To attempt to get a Special Service ride, I had to call an 800 number at 5 a.m. the day before I needed that ride, along with many other people trying to do the same thing. If I didn’t break through the busy signal and connect with a human scheduler within twenty minutes or so, I might as well forget about it. All the ride slots were probably taken by then. No transportation for me. Better learn to hitchhike.
Or I might have to settle for a ride slot other than the one I actually needed. If I had to be somewhere at 9 a.m, I might have to schedule a pickup for 6 a.m. And the minibus might be an hour late picking me up. And then it might take me all over town picking up and dropping off others, thus getting me to my destination an hour late. It was all a giant crapshoot. But we put up with it because we didn’t have a choice.
So I joined up with others demanding wheelchair lifts on all new CTA mainline buses. We disrupted meetings of the CTA board of directors and blocked streets and traffic to get attention. Sometimes that got us arrested for disorderly conduct.
Of course, my main motivation for doing all this was that I wanted more freedom to get around. But subconsciously, at least, I probably also realized that once we started riding the same buses as everybody else, it might have a domino effect. The CTA was putting out a lot of alarmist propaganda about how if cripples are allowed to ride the mainline buses, it would throw schedules into chaos and cause fares to skyrocket. I knew that once we started actually riding, the other passengers would see that rhetoric as the enormous joke that it was. And maybe the next time they’re fed a line about how cripples need to be segregated away in special places for our own safety and well-being, and the safety and well-being of others, they’ll wonder if that’s also a joke.
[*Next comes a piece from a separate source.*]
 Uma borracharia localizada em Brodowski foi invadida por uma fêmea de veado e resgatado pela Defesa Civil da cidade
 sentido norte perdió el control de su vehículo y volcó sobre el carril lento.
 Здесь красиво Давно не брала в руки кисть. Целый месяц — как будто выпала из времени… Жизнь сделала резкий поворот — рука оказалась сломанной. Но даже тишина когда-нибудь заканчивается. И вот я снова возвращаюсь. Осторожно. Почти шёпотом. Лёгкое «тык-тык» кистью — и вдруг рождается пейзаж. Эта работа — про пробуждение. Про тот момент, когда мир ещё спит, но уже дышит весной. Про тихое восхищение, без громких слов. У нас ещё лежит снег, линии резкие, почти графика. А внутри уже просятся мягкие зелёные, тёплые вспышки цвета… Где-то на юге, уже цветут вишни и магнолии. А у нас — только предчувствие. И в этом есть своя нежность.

Keeping us segregated made it easier for the CTA to screw us over in that “special” way. The CTA wouldn’t dare say to riders of mainline buses, “From now on, if you want a ride, you’ll have to call at 5 a.m. the previous morning and try to book it. Maybe you’ll get a ride and maybe you won’t. And if you do get a ride, maybe it will arrive and/or drop you off an hour late.” That would cause a riot.
The first wheelchair-accessible CTA buses hit the streets in 1992. Today, every CTA bus is accessible. When I tell people how ridiculous things were in the 1980s, a lot of them laugh because they think it is such a joke. And when they laugh I feel great satisfaction. Mission accomplished.
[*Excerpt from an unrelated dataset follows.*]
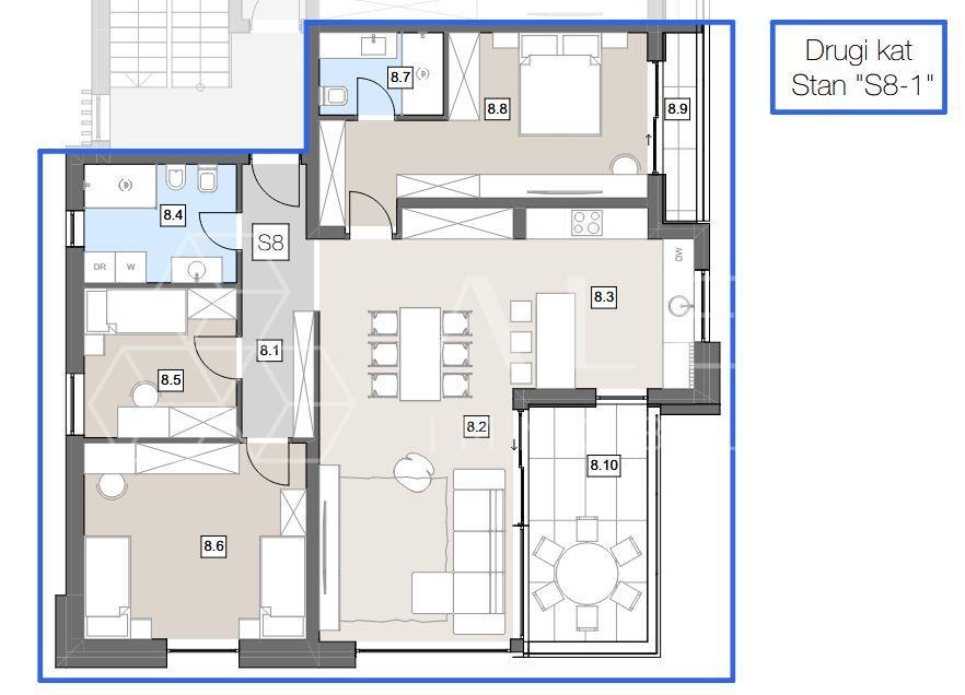 Sastoji se od kuhinje, blagovaonice i dnevnog boravka otvorenog koncepta, hodnika,dvije kupaonice, tri spavaće sobe te natkrivene i nenatkrivene terase.

It’s usually not too difficult for me to expose the ridiculousness of my cripple segregation experience. I basically just have to show up to places and be me. And when I talk about the segregation traps I fell into, it sounds like an anachronism. But it isn’t. Today people like me often still become hopelessly trapped in stifling nursing facilities that call themselves “health and rehabilitation” centers, with rosy names like Sunrise Gardens. “Special” treatment still abounds.
I’m glad to be among the lucky ones who managed to break out of the cripple segregation traps, who can now tell the story from the inside. Telling the story is the easy part. Breaking out is the hard part. I still sometimes can’t believe I did it. Thank God for that computer error.